America’s tech giants have joined forces to ask the Obama administration to reign in the scope of government surveillance. In a letter published today, the tech companies write they “believe that it is time for the world’s governments to address the practices and laws regulating government surveillance of individuals and access to their information.”
The letter is signed by AOL, Apple, Facebook, Google, LinkedIn, Microsoft, Twitter and Yahoo and urges “the US to take the lead and make reforms that ensure that government surveillance efforts are clearly restricted by law, proportionate to the risks, transparent and subject to independent oversight.”
The entire letter reads:
Dear Mr. President and Members of Congress,
We understand that governments have a duty to protect their citizens. But this summer’s revelations highlighted the urgent need to reform government surveillance practices worldwide. The balance in many countries has tipped too far in favor of the state and away from the rights of the individual — rights that are enshrined in our Constitution. This undermines the freedoms we all cherish. It’s time for a change.
For our part, we are focused on keeping users’ data secure — deploying the latest encryption technology to prevent unauthorized surveillance on our networks and by pushing back on government requests to ensure that they are legal and reasonable in scope.
We urge the US to take the lead and make reforms that ensure that government surveillance efforts are clearly restricted by law, proportionate to the risks, transparent and subject to independent oversight. To see the full set of principles we support, visit ReformGovernmentSurveillance.com
AOL, Apple, Facebook, Google, LinkedIn, Microsoft, Twitter, Yahoo
“Recent revelations about government surveillance activities have shaken the trust of our users, and it is time for the United States government to act to restore the confidence of citizens around the world,” Marissa Mayer, Yahoo’s chief executive, said in a statement.

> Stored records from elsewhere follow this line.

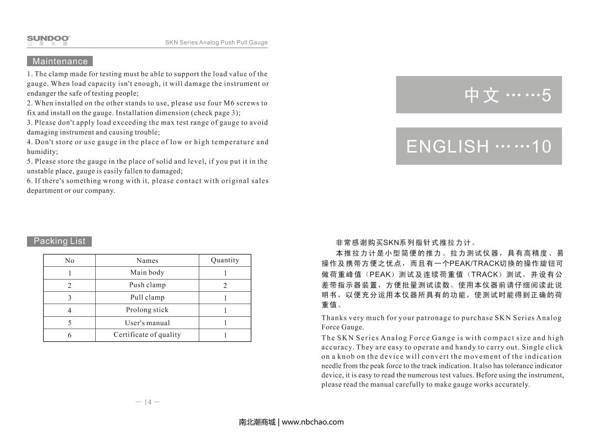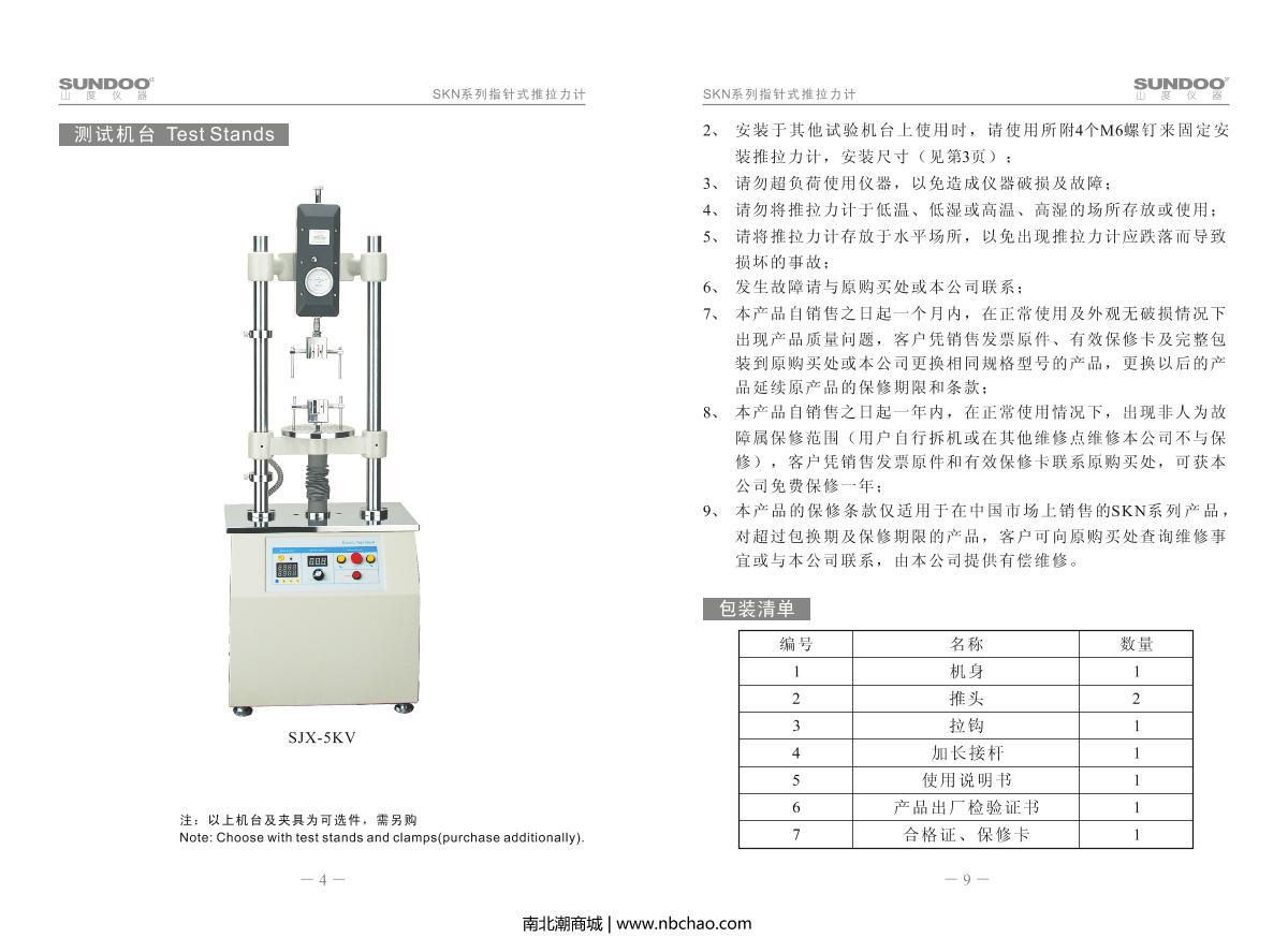 SUNDOO SKN-5 Tension and Compression Force Gauge (Pointer Type) Manual,OI
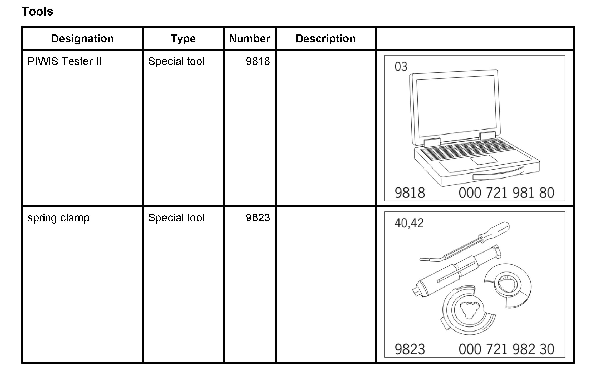 * The vehicle position is reached at the rear axle by pre-tensioning the steel spring using spring clamp 9823 to the dimension -X-.
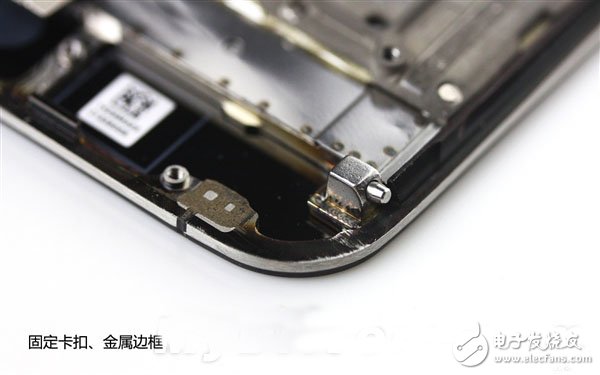 后蓋卡扣、金屬邊框特寫,可以看到焊點非常精致,同時卡扣也很牢靠。
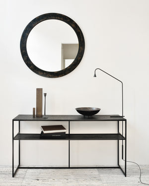 Positionnée légèrement en retrait, l'étagère inférieure se conjugue à l'épaisseur du plateau pour créer un contraste graphique avec sa base largement ouverte. Ses lignes simples et sa hauteur standardisée permettent de révéler la beauté épurée du métal bien ouvragé.

Several bills are under consideration on the Hill, like USA Freedom Act, that restricts the collection of data by the National Security Agency. But in a statement last month, the NSA asserted that its surveillance efforts are directed toward foreign targets, “not on collecting and exploiting a class of communications or services that would sweep up communications that are not of bona fide foreign intelligence interest to the U.S. government.”